Она засмеялась и, чуть смутившись, ответила, что не смогла бы сделать выбор.

– Да, и все же предположим: вас попросили выбрать картину. – Продолжая смотреть ей в глаза, я игривым тоном добавил: – Прошу вас, Алекс, выберите для меня картину, этим вы доставите мне истинное удовольствие.

Я поднялся, снял со станка картину и, подойдя к окну, повернул ее к свету.

– Вот эта вам нравится?

– Да… – она нерешительно смолкла. – Конечно, я…

Алекс бросила на Шама отчаянный взгляд. Мне показалось, что он «мысленно» пожал плечами. Я знаю, это слово если и не банальное, то довольно широко употребимое, но более подходящее мне не приходило в голову.

Она растерянно добавила:

– Но есть еще и другие…

Любитель живописи, которого я изображал, повернулся к Шаму:

– Вы согласны продать мне эту картину?

Слово было сказано, то самое неприятное слово, которого, по всей видимости, так опасался Шам. И тут же я почувствовал, что оно каким-то образом унижало его. Он бросил короткий взгляд на Алекс, но, как мне показалось, не смог завладеть ее вниманием. Что происходило? Неужели она особенно дорожила именно этой картиной? Шам медлил с ответом. Тогда я взял другую картину и повернул ее к окну, как первую:

– Тогда, может быть, эту? – признаю, Алекс была права: я и сам не знал, какую выбрать.

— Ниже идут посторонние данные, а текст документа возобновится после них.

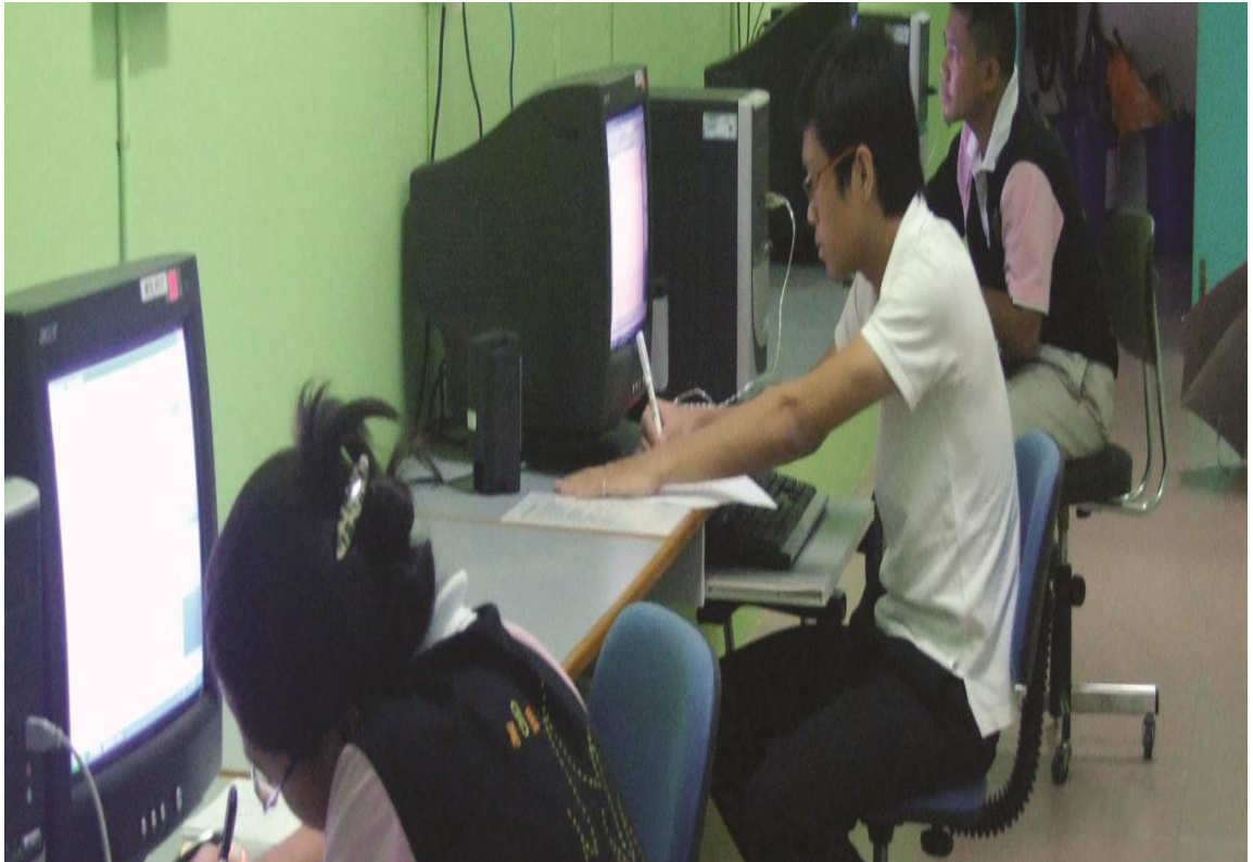
图二十四：电脑角落
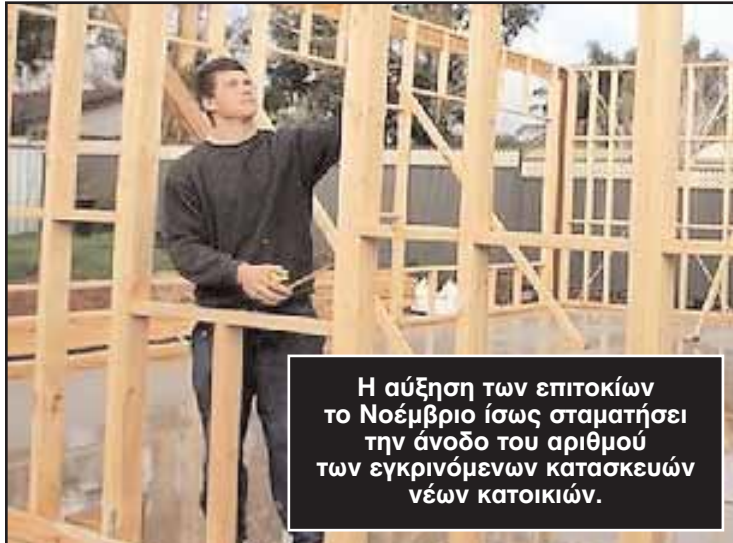
Η αύξηση των επιτοκίων το Νοέμβριο ίσως σταματήσει την άνοδο του αριθμού των εγκρινόμενων κατασκευών νέων κατοικιών.

Ο διευθυντής της εταιρείας Citigroup Global Markets, κ. Πολ Μπρέναν, δήλωσε ότι ο αριθμός των νέων εγκρίσεων αδειών για διαμερίσματα στη Νέα Νό-

Я постарался повернуть разговор так, чтобы в нем еще раз прозвучало слово продавать. Все в их отношениях было таким тонким, неуловимым! Эта тонкость пьянила меня и в то же время раздражала. Совершенно очевидно, что, прикоснувшись к первой картине, я каким-то образом испортил Алекс настроение, однако стоило мне взять в руки другую работу, как его градус заметно повысился. Я намеренно вернулся к первой, делая вид, что еще не решил, каким все же будет мой окончательный выбор. Мраморное яблоко тут же появилось в руках Алекс, и она снова стала катать его на бедрах, но на этот раз заметно быстрее. Тогда, не переставая исподтишка следить за ее движениями, я стал развлекаться, расставляя другие картины по всей комнате. В зависимости от того, к каким полотнам я прикасался, ее красивые длинные пальцы то сильнее, то слабее сжимали каменный плод. И тогда меня словно озарило, я вдруг понял, что на самом деле покупал не картину, а их самих… причем и они, и я прекрасно сознавали это. Я тотчас же изменил свою тактику:

– Ну, хорошо, нам некуда торопиться. Чем больше я смотрю на эти картины, тем больше они мне нравятся… все без исключения. Может быть, вы согласитесь…

Но тут меня перебил этот идиот Верне, в очередной раз едва не завалив все дело.

– Конечно, они согласны! – воскликнул он с почти патетической убежденностью. – Что за вопрос! – И добавил те самые слова, которых не следовало произносить ни в коем случае: – Сейчас им как никогда нужны деньги.

Шам поставил на место очередную картину и медленно произнес, не скрывая иронии:

– Да, вы знаете, у художника все картины продаются.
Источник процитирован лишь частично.